PROBLEM REQUIREMENTS: In the material below, find the line with "Rodolit garnet ve" and the line with "Тироль - Хартберг: обзор". Output exactly those two lines and all lines between them, leaving out pictures.

DATA IN THIS EXERCISE:
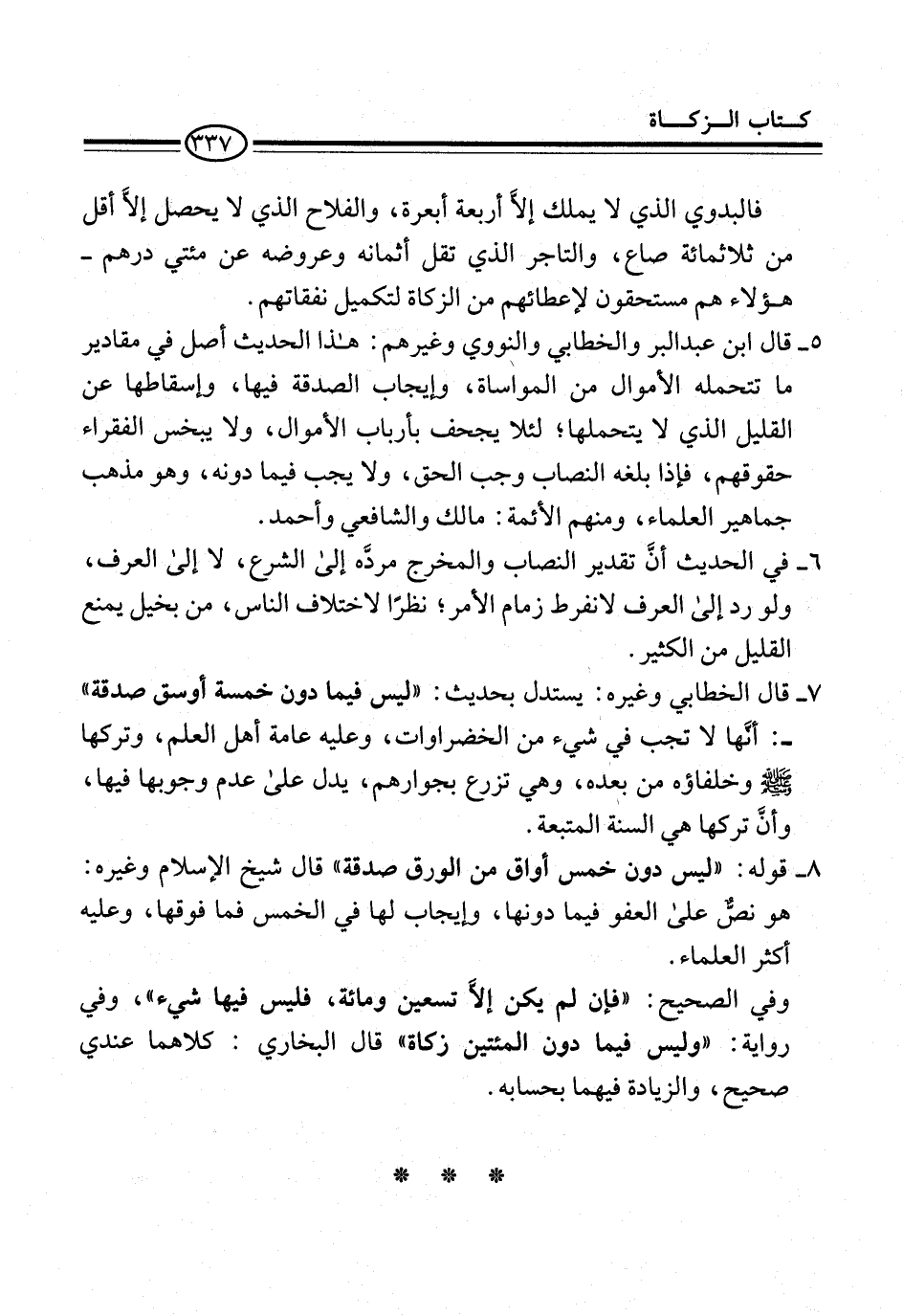 5 - قال ابن عبد البر والخطابي والنووي وغيرهم: هذا الحديث أصل في مقادير ما تتحمله الأموال من الموأساة، وإيجاب الصدقة فيها، وإسقاطها عن القليل الذي لا يتحملها؛ لئلا يجحف بأرباب الأموال، ولا يبخس الفقراء حقوقهم، فإذا بلغه النصاب وجب الحق، ولا يجب فيما دونه، وهو مذهب جماهير العلماء، ومنهم الأئمة: مالك والشافعي وأحمد.
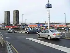 ![]() The Forge Retail Park now occupies much of historic Camlachie. The twin Bluevale and Whitevale Towers in the background were demolished in 2015. | |
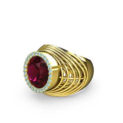 Rodolit garnet ve akuamarin 8 ayar altın yüzük
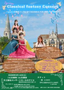 フルートアンサンブルエンジェルブレス(牛島梨紗、松島里絵、松村光子、山内麻祐子)と、ピアニスト谷脇裕子が出演。
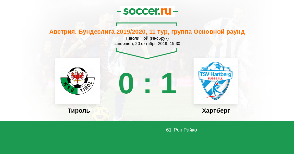 Тироль - Хартберг: обзор матча 20 октября 2019
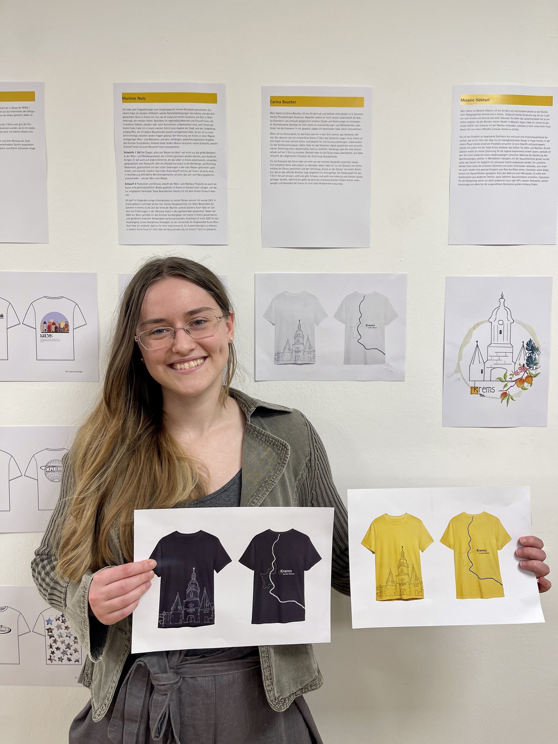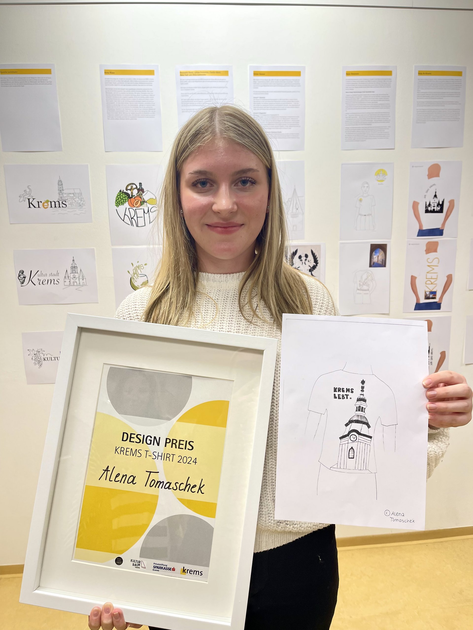 Gewinnerin Alena Tomaschek ist 15 Jahre alt, kommt aus Vitis und besucht die Kremser Modeschule (HLM Krems). Über ihre Idee sagt sie: „Als ich das erste Mal in der Innenstadt war, faszinierte mich das Steiner Tor am meisten. Heute gehe ich jeden Tag durch, deshalb verbinde ich Krems mit dem Steiner Tor. Krems lebt habe ich auf mein T-Shirt geschrieben, weil ich finde, dass Krems sehr belebt ist. Es ist immer etwas los.“

TASK RESPONSE:
 Rodolit garnet ve akuamarin 8 ayar altın yüzük
 フルートアンサンブルエンジェルブレス(牛島梨紗、松島里絵、松村光子、山内麻祐子)と、ピアニスト谷脇裕子が出演。
 Тироль - Хартберг: обзор матча 20 октября 2019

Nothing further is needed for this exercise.